Через несколько лет Рувима назначили главным врачом больницы. Не той, в которой мы жили, а большой, имени Коммуны. Там же ему выделили хорошую комнату под жилье, в пристройке. Метров шесть, а то и все восемь. У меня появилась своя собственная кровать за занавеской, стол для занятий. Табуретка.

Для меня началась новая светлая жизнь. И такая светлая, что даже книжки постепенно, особенно с наступлением взросления организма, стали мне практически ни к чему. Мертвые слова больше не желали оживать под воздействием моего воображения. Потому что воображение и стало самой правдой. Да. Именно так. И нужны были силы не для воображения слов, а для самой жизни.

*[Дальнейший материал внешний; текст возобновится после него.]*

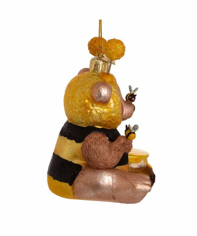 Honey Bee Bear Ornament NBX0020 Kurt Adler's Noble Gems™ glass bee bear ornament is a fun and festive addition to any holiday décor. This ornament features a brown bear dressed in a glittered bee outfit. This little bear has a "Honey" pot and a bee on its nose. Glass Ornament is 4.25" Powered
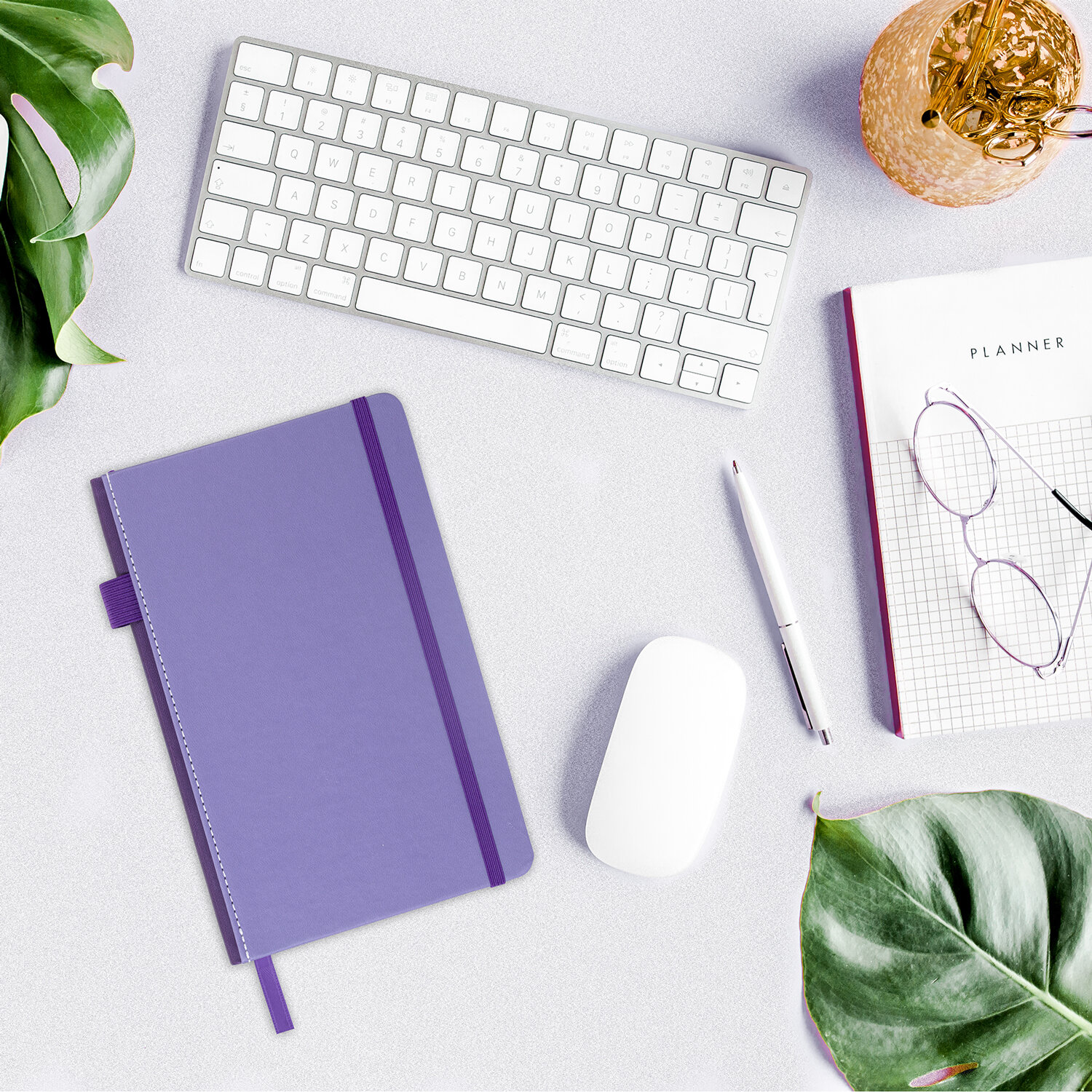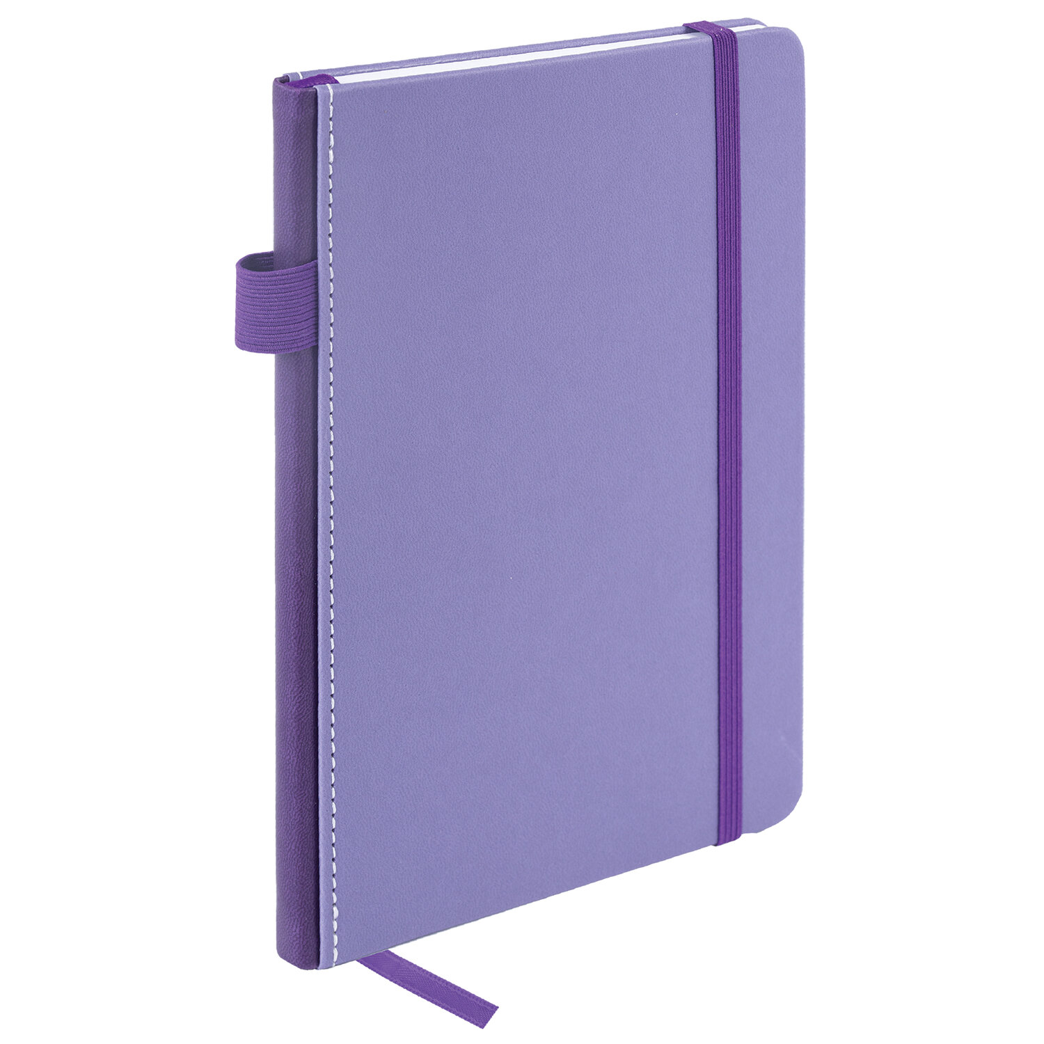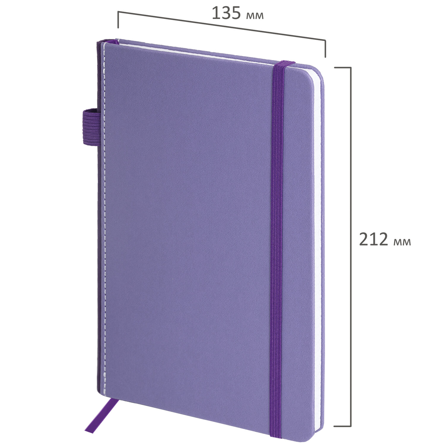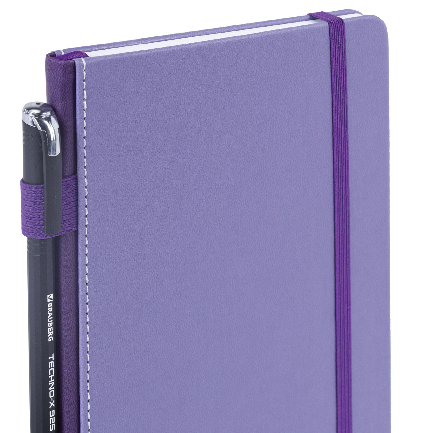 Блокнот А5 135×212 мм BRAUBERG «Edge», под кожу, резинка, держатель, 80 л., клетка, сиреневый, 117150
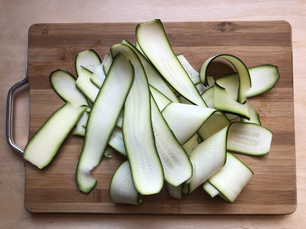 Die Zucchini abspitzen, waschen und mit einer Mandoline der Länge nach in dünne Scheiben schneiden.
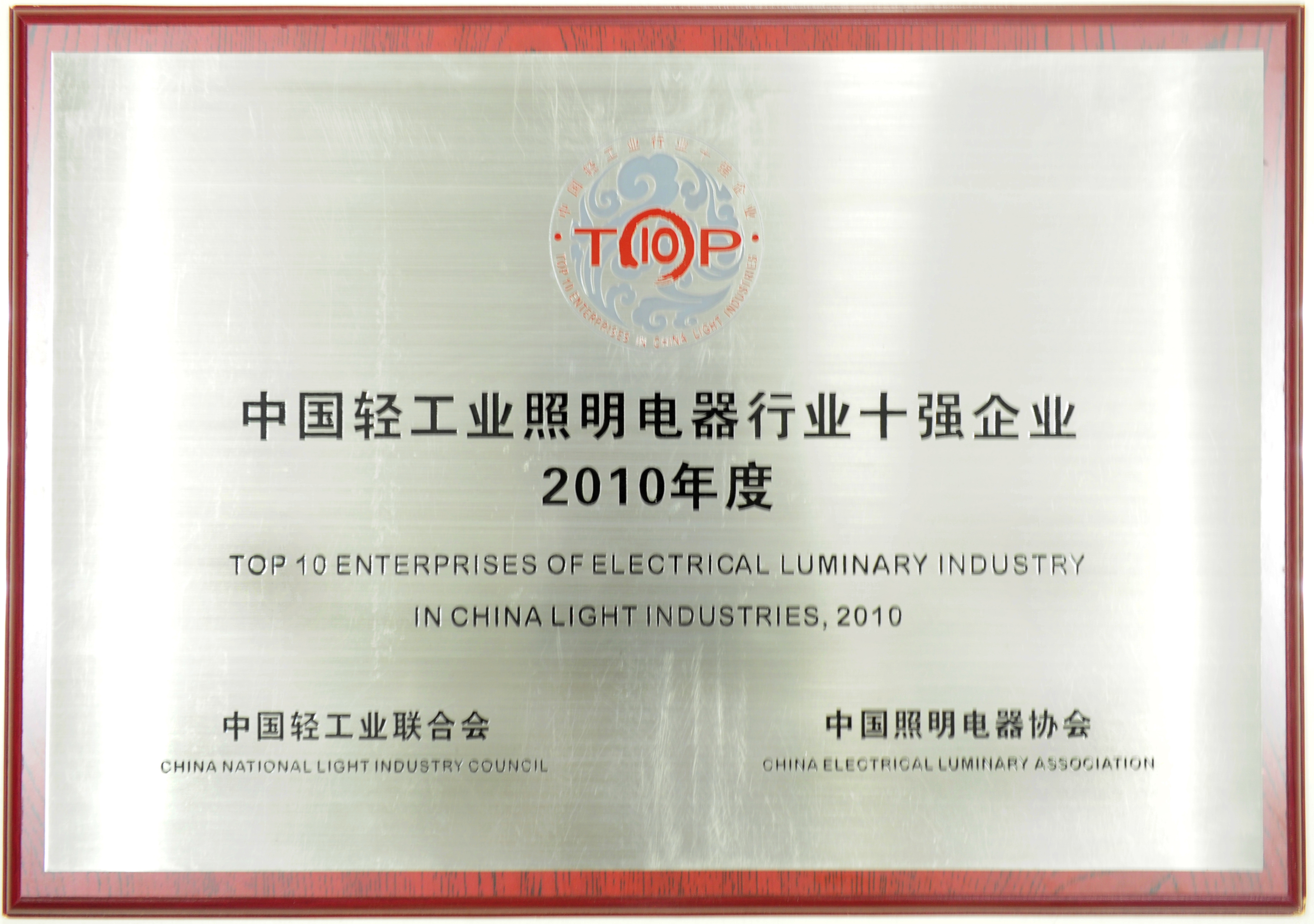 2010年,26家行業(yè)協(xié)會的29個行業(yè)參與此次評價工作,包括照明電器、自行車、五金、鐘表、玩具等行業(yè)。經(jīng)各行業(yè)協(xié)會確認,中國輕工業(yè)聯(lián)合會終審,共有雷士照明等企業(yè)榮登“2010年度中國輕工業(yè)十強企業(yè)”榜單。
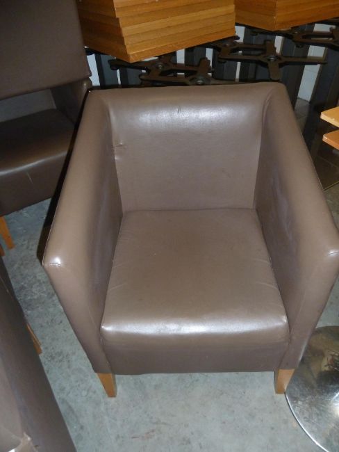 * 2 x brown leather tub chairs with wooden feet. 590w x 600d x 800h

Рувима я почти не видел. Но всегда ощущал его теплую заботу в виде куска хлеба и стакана чая.


И вот однажды в самом начале зимы 23-го года я с группой товарищей-старшеклассников шел на горку – покататься на торбе с учебниками и тетрадками, которые делались с помощь скрепления из газетных листов. После занятий – как было принято в то время у школьников.

Еще не совсем стемнело. Мимо нас промчался открытый автомобиль. Что само по себе являлось тогда в Чернигове редкостью. Рядом с шофером сидел дядька в хорошем воротнике зимнего пальто. Без шапки, я это отметил особо. Волосы его развевались на ветру и блестели в красивом вихре снежинок. Я красоту всегда отмечал и даже иногда плакал от ее силы. В ту минуту я не заплакал. Потому что узнал Переца Шкловского – отца моего детского друга Марика. Ошибиться не мог. Узнал не глазами, а самим своим сердцем.

Я закричал:

– Шкловский! Товарищ Шкловский! Ура!

Автомобиль умчался безответно.


Ночью, когда Рувим возвратился с работы, я сообщил про Шкловского.

Радости в лице Рувима не обнаружилось. Наоборот.

Он сказал:

– А… Увидел-таки… Давно знаю, что он тут. И он знает про нас. Марика нет. Потерялся. С слов Переца, конечно.

– Так ты с ним говорил? Раз он на целом автомобиле и с воротником, он, наверно, большой человек в Чернигове!


Я загорелся желанием встретиться с Перецом. В одну минуту надоело находиться рядом с Рувимом, видеть одних только больных, а здоровых редко, и то в школе.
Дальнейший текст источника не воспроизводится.